> _EXERCISE MATERIALS_:
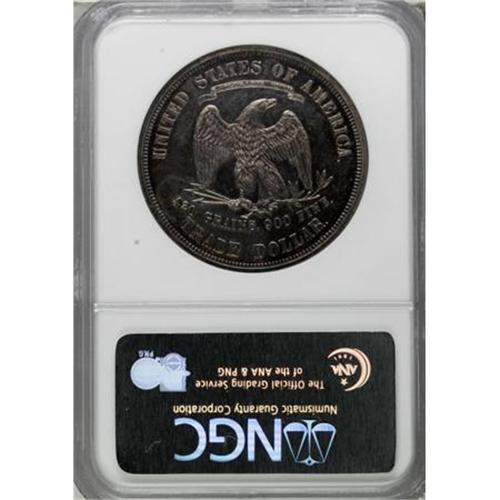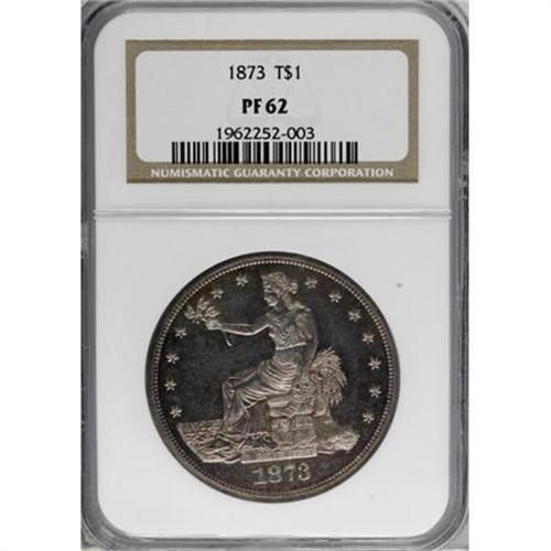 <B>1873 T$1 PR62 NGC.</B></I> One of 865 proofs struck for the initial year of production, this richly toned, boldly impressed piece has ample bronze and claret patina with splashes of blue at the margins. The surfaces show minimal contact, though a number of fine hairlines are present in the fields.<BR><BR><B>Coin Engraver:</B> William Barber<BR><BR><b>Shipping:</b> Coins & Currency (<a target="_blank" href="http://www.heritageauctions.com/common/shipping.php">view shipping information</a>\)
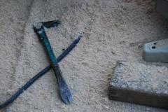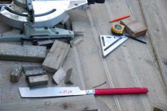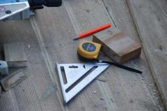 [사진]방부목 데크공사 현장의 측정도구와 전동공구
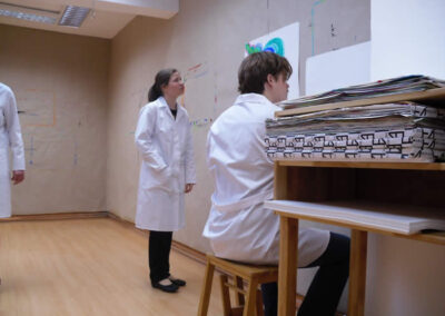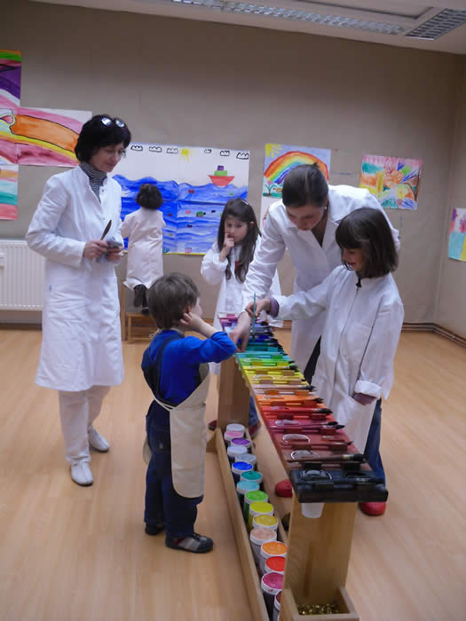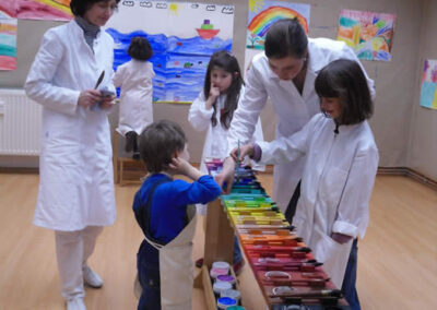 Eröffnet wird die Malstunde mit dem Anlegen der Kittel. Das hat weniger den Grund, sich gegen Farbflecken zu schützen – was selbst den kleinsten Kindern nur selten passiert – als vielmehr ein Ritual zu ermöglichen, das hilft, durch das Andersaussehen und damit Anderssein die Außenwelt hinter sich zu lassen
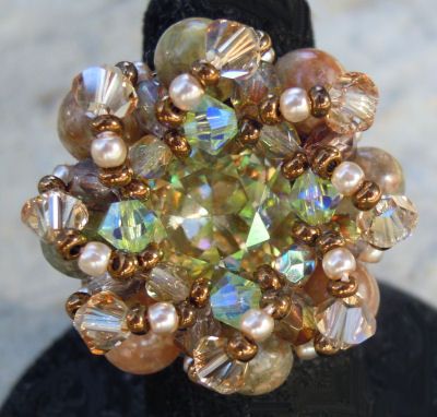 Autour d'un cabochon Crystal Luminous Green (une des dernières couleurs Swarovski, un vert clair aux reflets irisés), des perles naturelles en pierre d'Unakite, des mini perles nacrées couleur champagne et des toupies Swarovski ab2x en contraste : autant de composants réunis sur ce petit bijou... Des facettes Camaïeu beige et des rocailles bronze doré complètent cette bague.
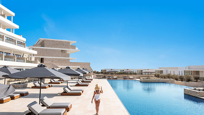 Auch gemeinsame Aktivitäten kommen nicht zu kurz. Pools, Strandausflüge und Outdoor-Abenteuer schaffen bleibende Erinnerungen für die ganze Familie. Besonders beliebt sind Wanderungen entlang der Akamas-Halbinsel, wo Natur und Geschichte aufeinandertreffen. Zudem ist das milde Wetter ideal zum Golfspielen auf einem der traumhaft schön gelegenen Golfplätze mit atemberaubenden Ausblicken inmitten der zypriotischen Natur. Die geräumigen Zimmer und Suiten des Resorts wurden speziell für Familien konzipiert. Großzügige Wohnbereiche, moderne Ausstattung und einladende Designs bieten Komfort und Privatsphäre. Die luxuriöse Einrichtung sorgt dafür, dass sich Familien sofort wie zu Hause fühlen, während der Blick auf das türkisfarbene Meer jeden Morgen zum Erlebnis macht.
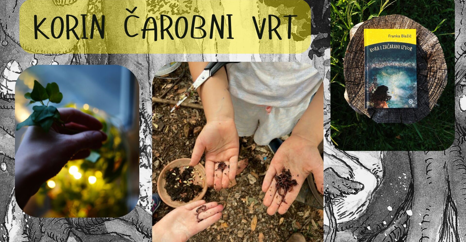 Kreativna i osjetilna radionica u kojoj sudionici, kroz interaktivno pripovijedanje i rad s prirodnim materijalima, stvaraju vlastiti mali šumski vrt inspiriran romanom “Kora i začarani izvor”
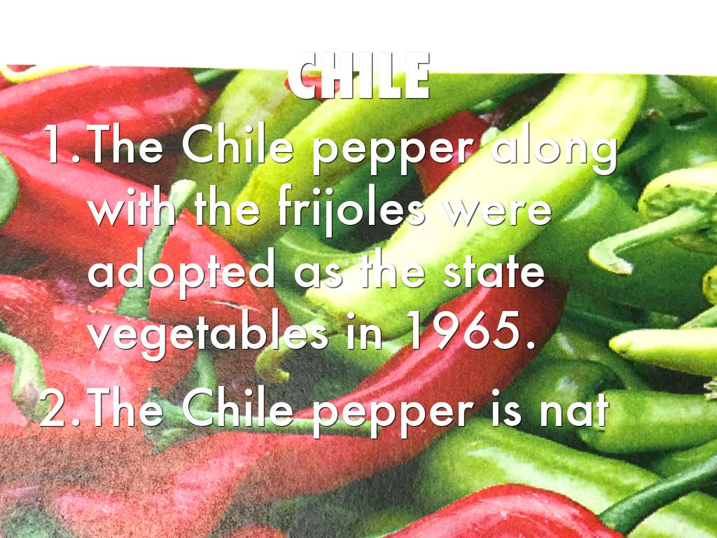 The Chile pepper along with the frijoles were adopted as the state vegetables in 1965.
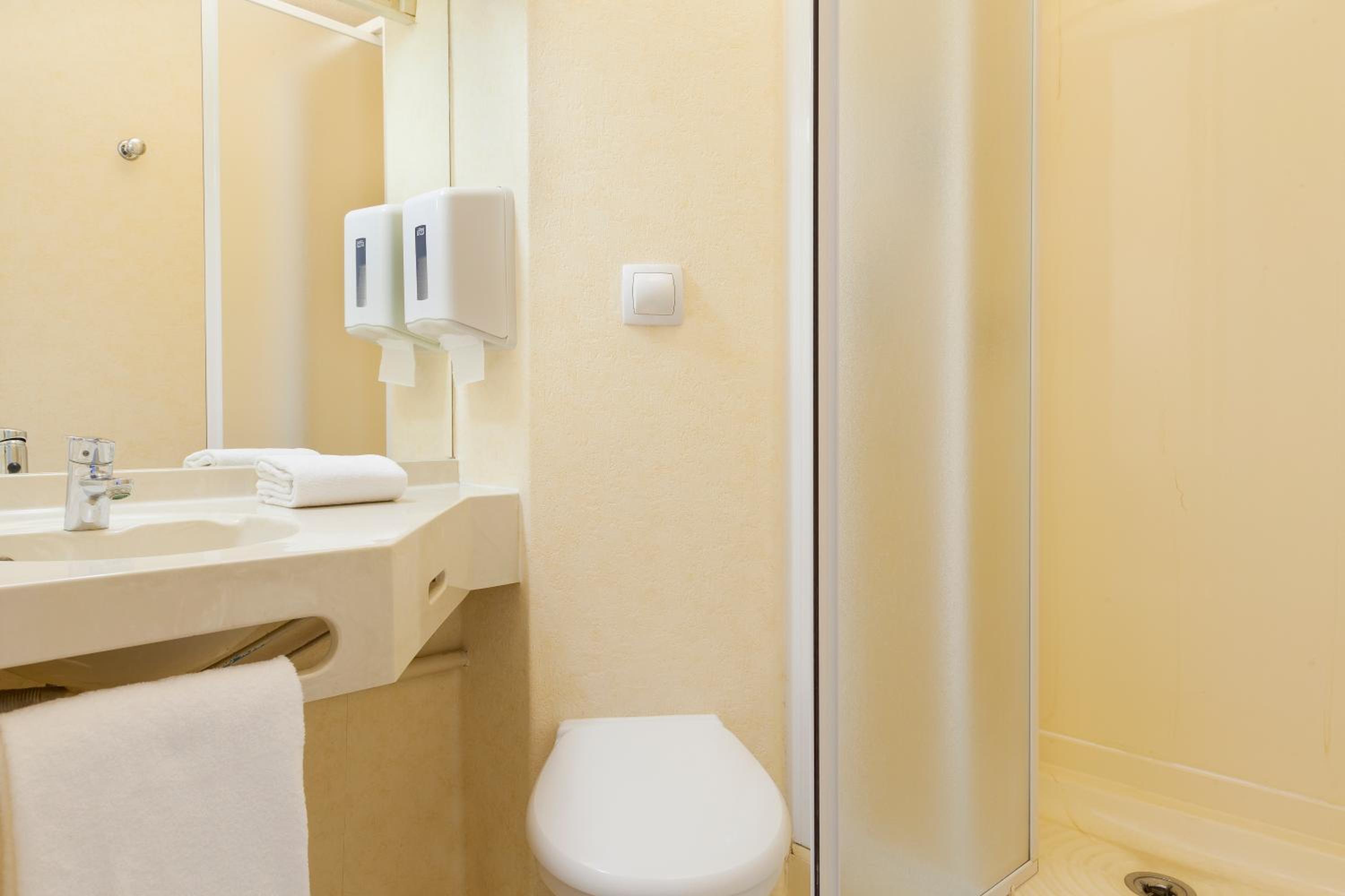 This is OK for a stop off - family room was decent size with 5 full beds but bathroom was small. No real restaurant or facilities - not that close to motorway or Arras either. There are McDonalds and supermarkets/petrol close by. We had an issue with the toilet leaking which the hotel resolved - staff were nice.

> _WHAT THE EXERCISE ASKS_: Full transcription of the material, exact in every line, without images.

> _WRITTEN SOLUTION_:
 <B>1873 T$1 PR62 NGC.</B></I> One of 865 proofs struck for the initial year of production, this richly toned, boldly impressed piece has ample bronze and claret patina with splashes of blue at the margins. The surfaces show minimal contact, though a number of fine hairlines are present in the fields.<BR><BR><B>Coin Engraver:</B> William Barber<BR><BR><b>Shipping:</b> Coins & Currency (<a target="_blank" href="http://www.heritageauctions.com/common/shipping.php">view shipping information</a>\)
 [사진]방부목 데크공사 현장의 측정도구와 전동공구
 Eröffnet wird die Malstunde mit dem Anlegen der Kittel. Das hat weniger den Grund, sich gegen Farbflecken zu schützen – was selbst den kleinsten Kindern nur selten passiert – als vielmehr ein Ritual zu ermöglichen, das hilft, durch das Andersaussehen und damit Anderssein die Außenwelt hinter sich zu lassen
 Autour d'un cabochon Crystal Luminous Green (une des dernières couleurs Swarovski, un vert clair aux reflets irisés), des perles naturelles en pierre d'Unakite, des mini perles nacrées couleur champagne et des toupies Swarovski ab2x en contraste : autant de composants réunis sur ce petit bijou... Des facettes Camaïeu beige et des rocailles bronze doré complètent cette bague.
 Auch gemeinsame Aktivitäten kommen nicht zu kurz. Pools, Strandausflüge und Outdoor-Abenteuer schaffen bleibende Erinnerungen für die ganze Familie. Besonders beliebt sind Wanderungen entlang der Akamas-Halbinsel, wo Natur und Geschichte aufeinandertreffen. Zudem ist das milde Wetter ideal zum Golfspielen auf einem der traumhaft schön gelegenen Golfplätze mit atemberaubenden Ausblicken inmitten der zypriotischen Natur. Die geräumigen Zimmer und Suiten des Resorts wurden speziell für Familien konzipiert. Großzügige Wohnbereiche, moderne Ausstattung und einladende Designs bieten Komfort und Privatsphäre. Die luxuriöse Einrichtung sorgt dafür, dass sich Familien sofort wie zu Hause fühlen, während der Blick auf das türkisfarbene Meer jeden Morgen zum Erlebnis macht.
 Kreativna i osjetilna radionica u kojoj sudionici, kroz interaktivno pripovijedanje i rad s prirodnim materijalima, stvaraju vlastiti mali šumski vrt inspiriran romanom “Kora i začarani izvor”
 The Chile pepper along with the frijoles were adopted as the state vegetables in 1965.
 This is OK for a stop off - family room was decent size with 5 full beds but bathroom was small. No real restaurant or facilities - not that close to motorway or Arras either. There are McDonalds and supermarkets/petrol close by. We had an issue with the toilet leaking which the hotel resolved - staff were nice.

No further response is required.